Thoughts after Twelve Years in One Place
Devotional Thoughts for this Day
My friends, even though we have a lot of trouble and suffering, your faith makes us feel better about you. 8 Your strong faith in the Lord is like a breath of new life. 9 How can we possibly thank God enough for all the happiness you have brought us? 1 Thes. 3:7-9 CEV
Like homing pigeons flying home, like iron filings drawn irresistably to a magnet, like solar flares falling back to their parent sun from which they had sprung, lovers of God become one with the fire of their Beloved. The twentieth-century British poet Stephen Spender wrote their epitaph: “Born of the sun, they travelled a brief while toward the sun and left the vivid air singed with their honor.”
That is what a Christian is. Not to be one is life’s only real tragedy.
Twelve years ago today, two friends, I knelt down and my District President installed me as the pastor of Concordia Lutheran Church in Cerritos. A few weeks before that, the church had laid to rest a beloved retired pastor and his wife. Within three months, I would bless the graves of another couple. And over the years, there have been a lot of deaths, people that had become not only parishioners, but good friends. There has also been trauma that scars one deep, and ministering to those broken by such, has been commonplace. Enough so that prayers start ascending every time the phone rings, or a text message beeps.

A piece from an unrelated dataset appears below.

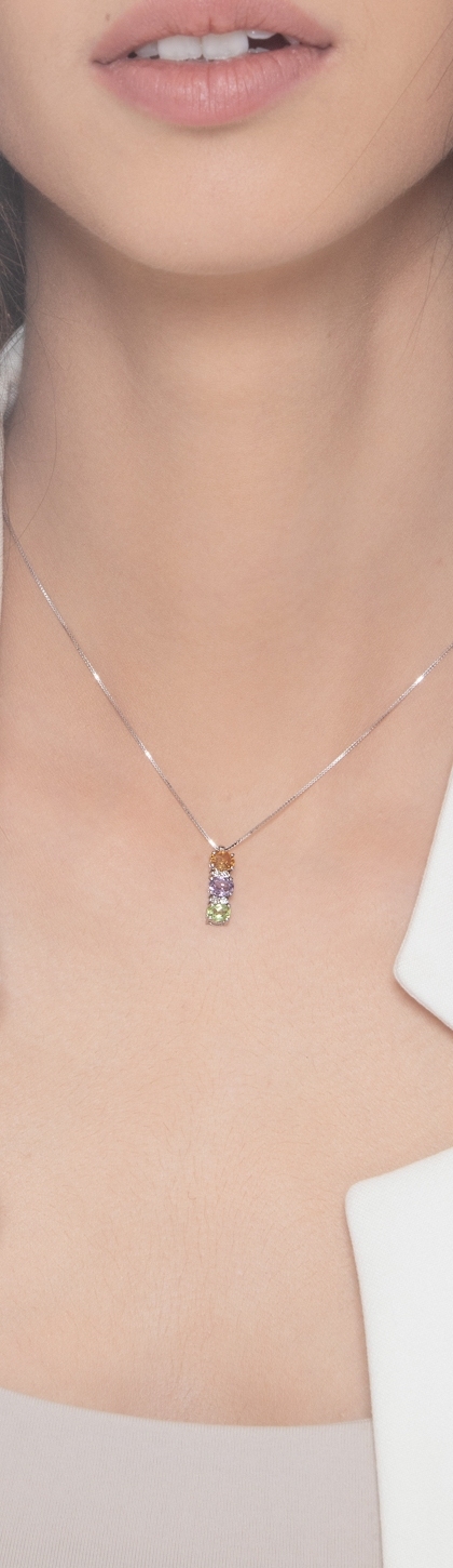18k white gold multicolor trilogy necklace with citrine, amethyst, peridot and diamonds

It would be lying to saying this has been an easy time. It would also be lying to say this time has not been a huge blessing. My devotional reading this morning explains why:
It is all about the faith of the people I see, a faith that is lived out in the midst of trauma, in the midst of sacrifice. A faith that keeps coming back to God, must as Kreeft’s pigeons and iron filings being attracted to their “home.” There is a joy in this, even amidst the shared tears. There is a confidence, born out of the Body and Blood of Jesus in which we share, that even the tears are somehow beneficial.
The ability of people to depend on God in this time is what lifts me up. Just as it did Paul, to see people being sustained by God, to the point where they are ministering to others during their own trauma, is the best feeling a pastor can observe. It is what sustains us, as we see the effect of them being drawn back to God.
This is how, after 12 years, I can look to the future.
Knowing the response of those to whom I remind, “the Lord is with you!”
And knowing they are right when they answer back, trusting in God, “and also with you!”
Lord, as we go through these days, help us to continue to help each other, trusting You to show us their needs, and empowering us to meet them. Help us set our own brokenness aside, help us to leace it there… knowing You are healing us in this time. We pray this, in the Name of the Father, and the Son and the Holy Spirit! Amen!
Peter Kreeft, The God Who Loves You (San Francisco: Ignatius Press, 2004), 93.